- Episode no.: Season 1 Episode 7
- Directed by: Richard Compton
- Written by: D. C. Fontana
- Production code: 107
- Original air date: March 9, 1994

Guest appearances
- Tristan Rogers as Malcolm Biggs; Nancy Lee Grahn as Shaal Mayan; Michael Paul Chan as Roberts; Rodney Eastman as Kiron Maray; Danica McKellar as Aria Tensus;

Episode chronology
| ← Previous "Mind War" | Next → "And the Sky Full of Stars" |

= The War Prayer (Babylon 5) =

"The War Prayer" is the seventh episode of the first season of the science fiction television series, Babylon 5. It first aired on 9 March 1994. The episode deals with a string of anti-alien attacks on Babylon 5, and the arrival of Malcolm Biggs, who formerly had romantic ties with Lt Commander Ivanova, and who is involved with the anti-alien Home Guard movement.

==Plot==
A string of attacks on aliens has occurred on Babylon 5, the latest being the stabbing and branding of a Minbari poet, Shaal Mayan. Commander Sinclair is pressured by Minbari ambassador Delenn to find the culprit, and he orders Security Chief Garibaldi to investigate in depth. Narn ambassador G'kar, however, insists more action must be done, and beings to rally the other aliens aboard, creating a tense situation.

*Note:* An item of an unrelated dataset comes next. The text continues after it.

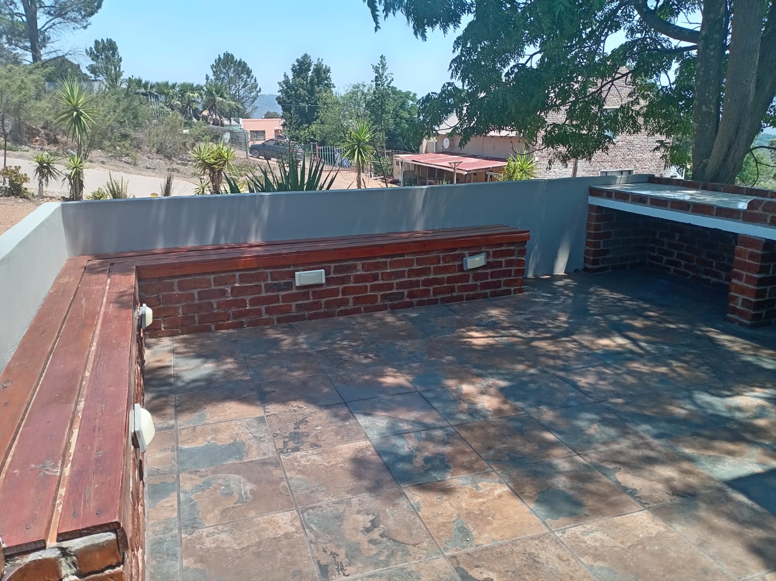 • Private garden with a covered seating area

Meanwhile, Centauri ambassador Londo Mollari must deal with his aide Vir Cotto's cousin Kiron and his girlfriend Aria, who have fled the Centauri homeworld as they have been arranged to be wed into different families. Mollari asserts that arranged marriages are a Centauri tradition, love having no place in their society. That evening, Kiron and Aria are attacked, leaving Kiron in a coma.

Elsewhere, Ivanova discovers that her former associate from the academy, Malcolm Biggs, has arrived on the station. While he remains secretive as to his business reasons for being there, Malcolm does express interest in rekindling his relationship with Ivanova.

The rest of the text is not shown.